Un parfum pour guérir, voilà ce que suggère mettre le cap sur Anticyre. Une belle idée de la folie qui s’apaiserait dès qu’on le lui demande avec des fleurs, à condition que ce soit des hellébores et qu’on respecte la posologie.

Coup de folie : une cuiller à soupe
Quart d’heure de folie : deux à trois gouttes.
Folies Bergères : sans objet.
Folie des grandeurs : deux cuillères à café, matin midi et soir. Renouveler le traitement jusqu’à dégonflement total de l’occiput.
Folie amoureuse : une dose par semaine à diluer dans de l’eau fraîche.

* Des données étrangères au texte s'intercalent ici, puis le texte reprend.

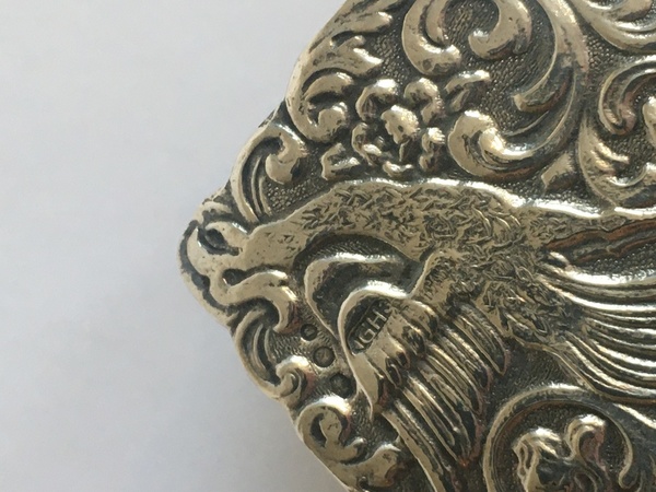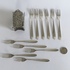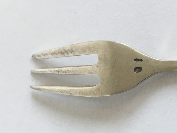 Zilver, 11 gebaksvorken + fleshouder, midden 20e eeuw. Vorken zijn gemerkt: klein zwaar + een ander merk ( onbekend). Maggie fleshouder is gemerkt: Minerva, lopende leeuw 2, jaarletter R= 1977 en meesterteken: Gebr. Huisman Schoonhoven. |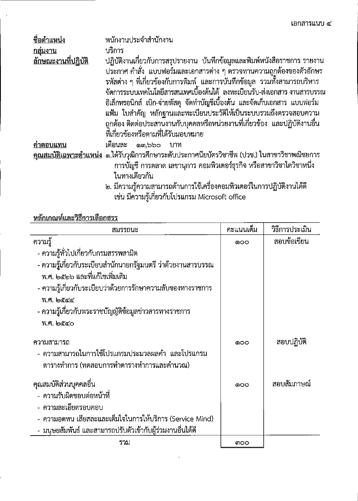 ตำแหน่ง: พนักงานประจำสำนักงาน (จำนวน 1 อัตรา)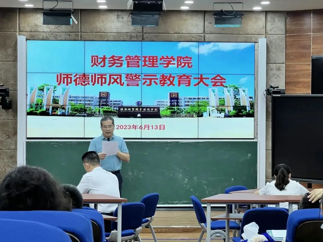 2023年6月13日下午,财务管理学在2-215召开师德师风警示教育大会,会议由公司党总支书记范高智主持,公司全体教职员工参加了会议。
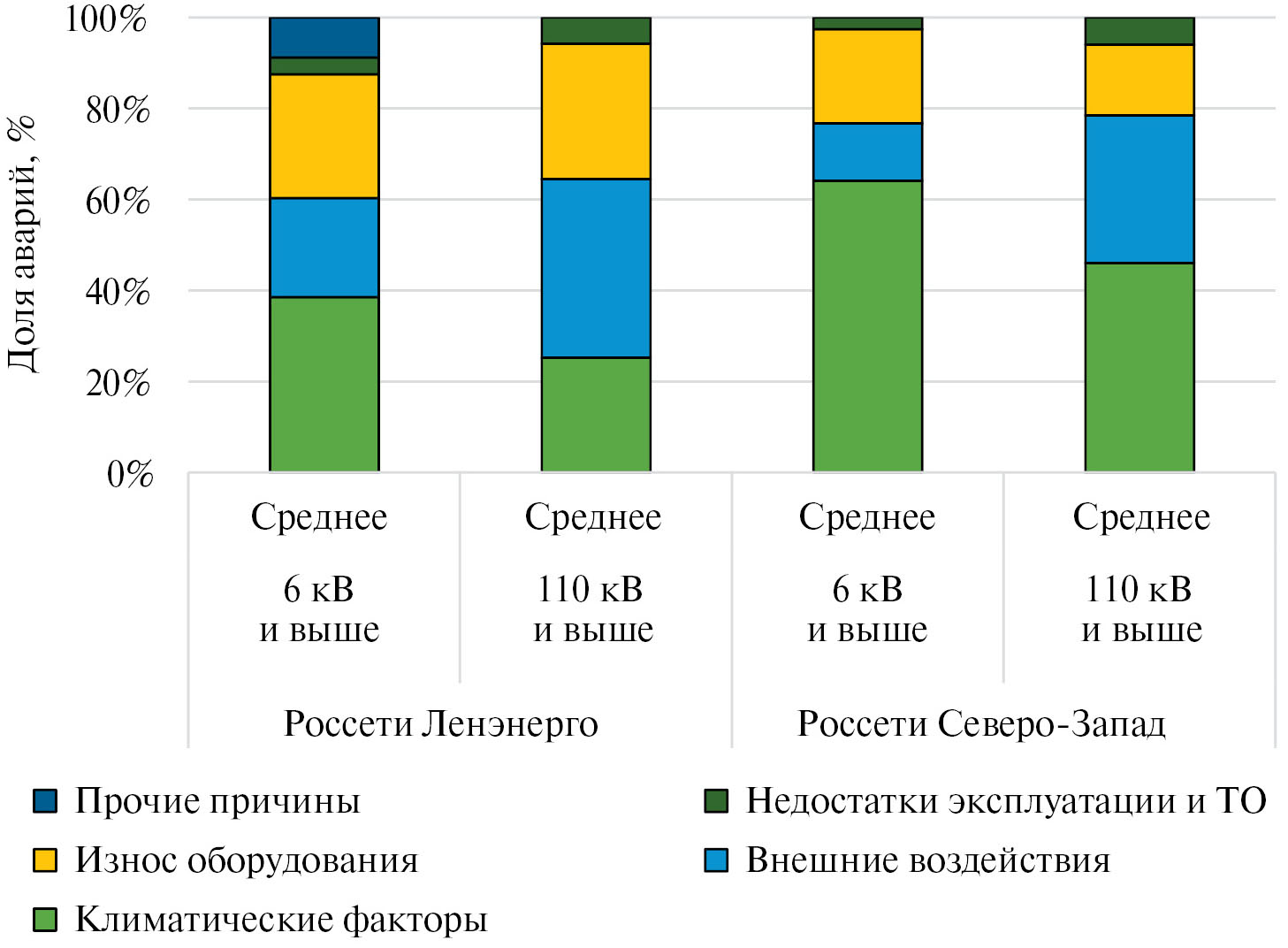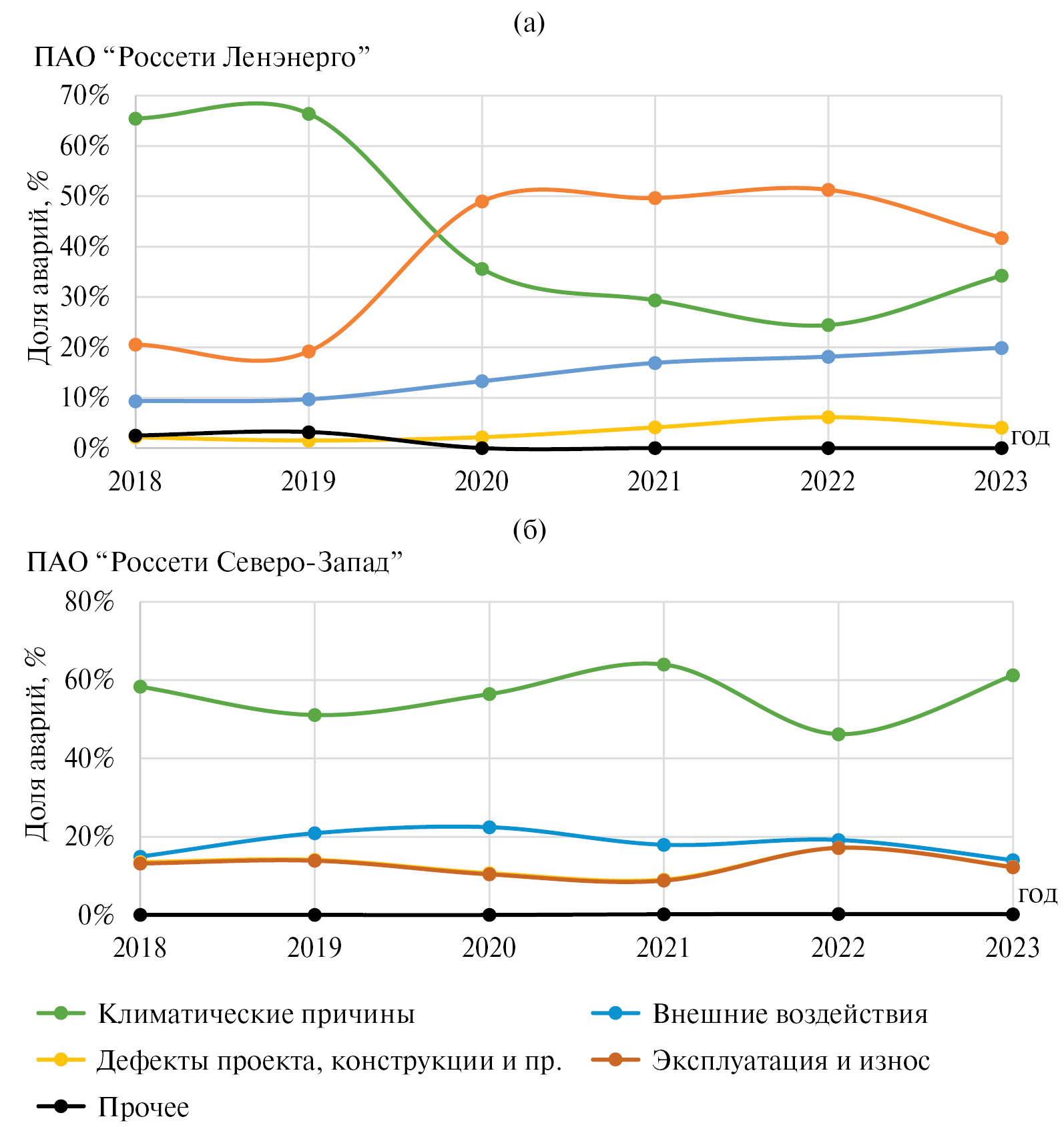 Данные из годовых отчетов ПАО “Россети Ленэнерго” содержат информацию о причинах аварийных отключений за период с 2013 по 2022 гг., причем отчеты, опубликованные до 2018 г. включительно, содержат сведения об отключениях в сетях 6 кВ и выше, а в период 2019–2022 г. предоставляются данные об отключениях только в сетях 110 кВ и выше. Отчеты ПАО “Россети Северо-Запад” содержат информацию о причинах аварийных отключений за период с 2009 г. по настоящее время. Однако отчеты ранее 2015 г. не дают объективной картины для оценки причин отключений в силу того, что данные приведены лишь для трех причин: климатические, внешние воздействия и недостатки эксплуатации, которые по предоставляемым данным занимают менее 50% отключений.

Folie meurtrière : deux doses.
NE PAS UTILISER EN CAS DE FOLIE DOUCE.

Lors de la troisième guerre sacrée, ce va-t-en-guerre de Philippe II de Macédoine marche sur Anticyre et détruit la ville et ses champs d’hellébore. C’est non seulement la fin de l’expression (vers -355 environ, d’où la probabilité importante que vous ne l’ayez point entendue si ce n’est par Ronsard dans le Discours à la Reine) mais aussi et surtout le début d’une folie inguérissable qui s’empare du monde.